Friday, 10 December 2010

A Quiet Revolution



Yesterday evening I was on the 'frontline' of  the end of the failed
fabian experiment in Westminster. The dregs of the student protests were
 still being kettled, Police had helicopters up, tube stations closed
and vans full of back up, yet they still managed to drive a couple of
VIP's into the middle of this maelstrom of heightened emotions.

This morning Boris and Stephenson of the Met were having a discussion
 on Radio 4 about yesterday, was it just me or was Stephenson making a
lot of  threats about how 'tooled up' his men were. Was he seriously
advocating  that the Met start shooting protestors ?

I saw bizarre sights such as 'anarchists' demanding more state subsidy for education.

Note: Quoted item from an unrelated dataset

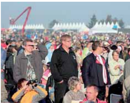
Návštěva papeže Benedikta XVI.
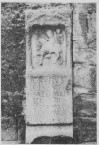
Nagrobnik Gaju Rufiju, severna stena stolpa proštirske cerkve, sreda 1. stoletja našega štetja, foto: Vernik.

C(aius) Rufius C(ai) f(ilius) Ouf(entina) Med(iolano) miles leg(ionis) XIII Gem(inae) an(norum) XXXVI st(i)p(endiorum) XVI fratres pos(uit) h(ic) s(itus) e(st)

How does that work then ?

Labour created a massive expansion of the State that was built on
nothing more than a bubble, to have 50% of the young 'doing a degree'
was only going to devalue standards and to damage the marketability of
having a degree. There is nothing left that the hard pressed taxpayer
can contribute to a 'bust' state. What we saw on the streets was nothing
 more that demanding money with menaces, and Labour were at the front of
 this egging it on, as usual bearing no responsibility for their
actions.

Meanwhile at the National Liberal Club a quiet revolution was occuring organised by the Cobden Centre. Libertarians, Members of the Adam Smith Institute
 and other representatives of Classical Liberal organisations met for an
 informal social event to make contacts, talk and make futue plans. The
talk was was of  honest money, Mises and Hayek and of course the failing
 Euro experiment.

The keynote speech was by Conservative MP Steve Baker, one of the few 'good guys'.

The Toast was to Cobden's vision of 'Peace and Free Trade'

Fabianism has failed, the Labour party derided Cobden the result is an impoverished nation and war.

For one battered Liberal (not the fake 'Liberal' Democrats) the long
march is now on its second faltering step.

I hope that you will join us in rebuilding 'Liberal' Britain.

2 comments:

SumoKing said...

"to have 50% of the young 'doing a degree'
was only going to devalue standards and to damage the marketability of
having a degree. There is nothing left that the hard pressed taxpayer
can contribute to a 'bust' state. What we saw on the streets was nothing
more that demanding money with menaces,"

I'm not entirely sure why the devaluing of a degree is justification for imposing a cap on how many people go to university. I'm also extremley wary of the notion that 80% of the country will somehow manage to become millionaire plumbers.

I am also extremely uneasy about a government deciding to levy a tax on a segment of the population that has had no opportunity to vote when they could have levied the tax on anyone who had had the benefit of a unviersity education. It seems to me that the latter, while it would be yet another raid on the tax payer, would have been a far more fair and 'we are all in this together' style way of paying for university cuts.

This system just hammers anyone who works hard at university while propping up the braying horsey girls who study useless english lit and history of art degrees and then grab a hubby 18 months post graduation.

It is a complete mess. And the irony of the Tories pushing it through with the help of scottish mps that they would previously have been up in arms about is not lost either.